Supporters of universal health care are famous for making the “drag on the health care system” argument. When they finally have their way, and America follows Europe’s socialist lead, the health police will be out in force, unchecked, banning all kinds of harmful choices. Liberty will be sacrificed in the name of what’s good for you…whether you like it or not. I’d like to know the numbers: How much of a drag do overweight, inactive people put on the health care system? Will they be banning all fast food? Mandating exercise? The solution to the health care crisis in this country, as is the case in every instance where value is traded for value: Take the government out of the equation. Capitalism, the laws of supply and demand, individual responsibility…these are the solutions. Yet, we continue to move in the opposite direction.

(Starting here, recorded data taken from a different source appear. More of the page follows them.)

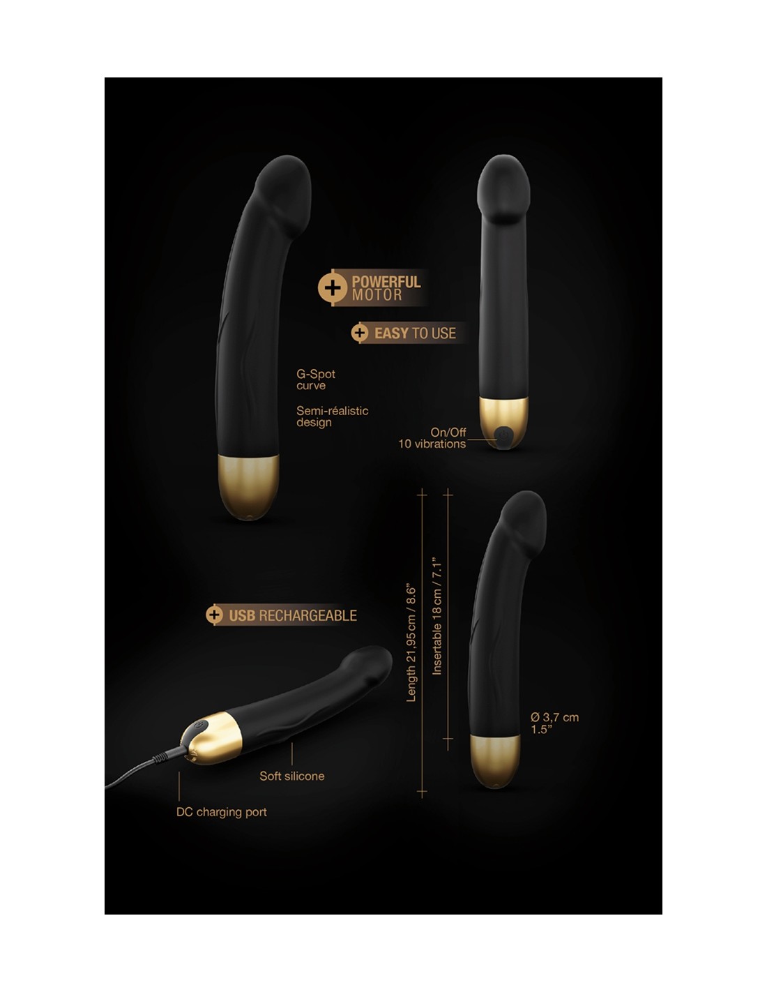 Couleur noir et or, le vibro Real Vibration M est doté d'un design semi-réaliste et d'un gabarit idéal (22 x 3,7 cm) qui comblera toutes les utilisatrices, des débutantes aux initiées.
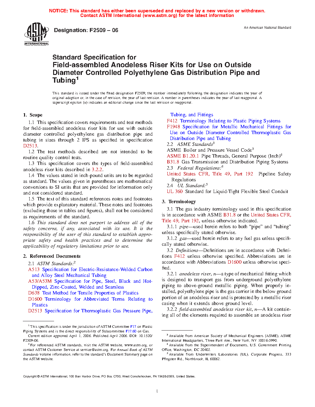 This specification covers the qualification requirements and test methods for field-assembled anodeless riser kits for use with outside diameter controlled polyethylene gas distribution pipes and tubing in sizes of up to 2 IPS. The anodeless riser kits shall be manufactured in accordance with the specified materials, physical properties, and design, which include the riser casings, moisture seals, threads, bend radius, coatings, welding procedures, and riser adapter to riser casing connections. The riser adapter to riser casing connections shall tested by tensile pull testing.
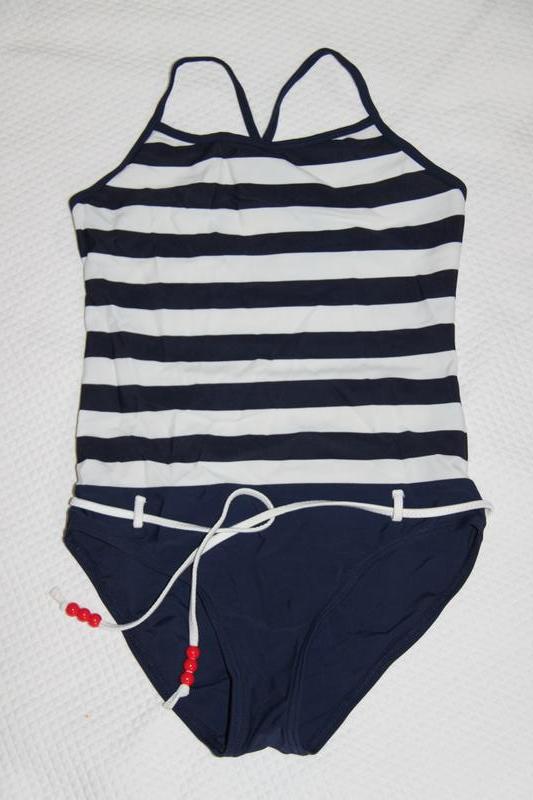 Гарний купальничек в морському стилі. Хороша фірма Buissonniere. Підійде на 9 - 10 років. На худеньку дівчинку.
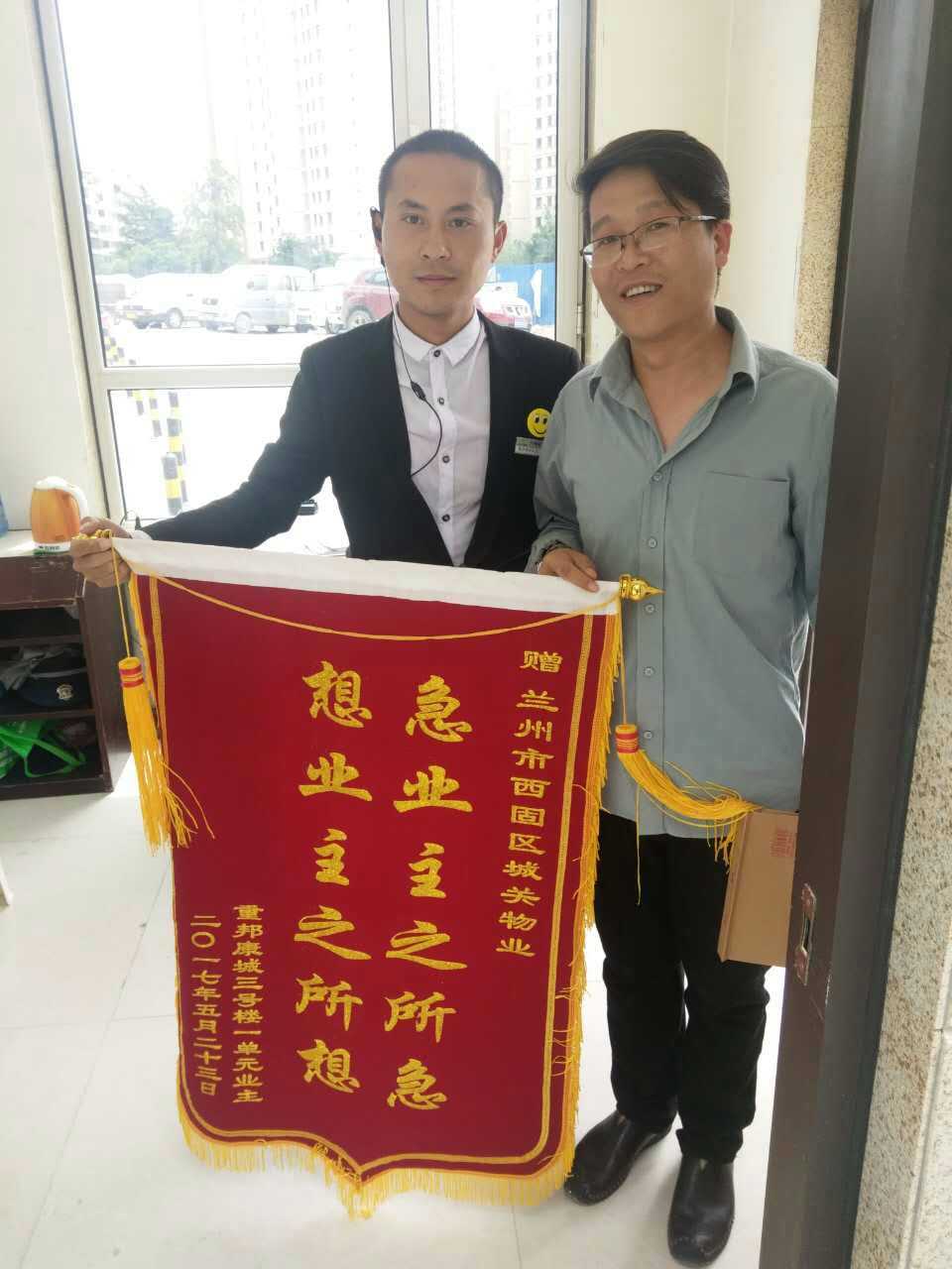 5月24日上午11點左右,重邦康城小區(qū)一戶業(yè)主將一副題為“急業(yè)主之所急,想業(yè)主之所想”的錦旗送到了物業(yè)辦公室,感謝物業(yè)人員在干好本質(zhì)工作的同時,積極熱心的幫忙尋找自家的小狗。該業(yè)主強調(diào),自從入住這個小區(qū)以來,每一天都過的很舒心,城關(guān)物業(yè)工作人員專業(yè)素質(zhì)強,服務(wù)熱情周到。在得知小狗丟了的情況下,積極主動的安排人員幫忙尋找,并最終找到小狗。感謝城關(guān)物業(yè)提供如此優(yōu)質(zhì)、貼心、專業(yè)的服務(wù)。田曉晨經(jīng)理說道,業(yè)主的事不論大小,只要有需要,我們定會全力以赴。

Probably the most troubling thing about the new laws is government’s use of force to ban smoking in privately owned and operated establishments, restaurants and bars. In a free, capitalistic economy decisions about appropriate behavior in a private establishment are made by the owners. Rather than the all-inclusive ban we have today, what we should have is restaurants and bars that advertise a non-smoking atmosphere and others that permit smoking. The choice would be left to the owners, those who have the most to gain or lose. No force was ever necessary.
Why do we continue to hand this sort of power over to the politicians? Free people should be permitted to make choices about where they want to go and what they want to do when they go out.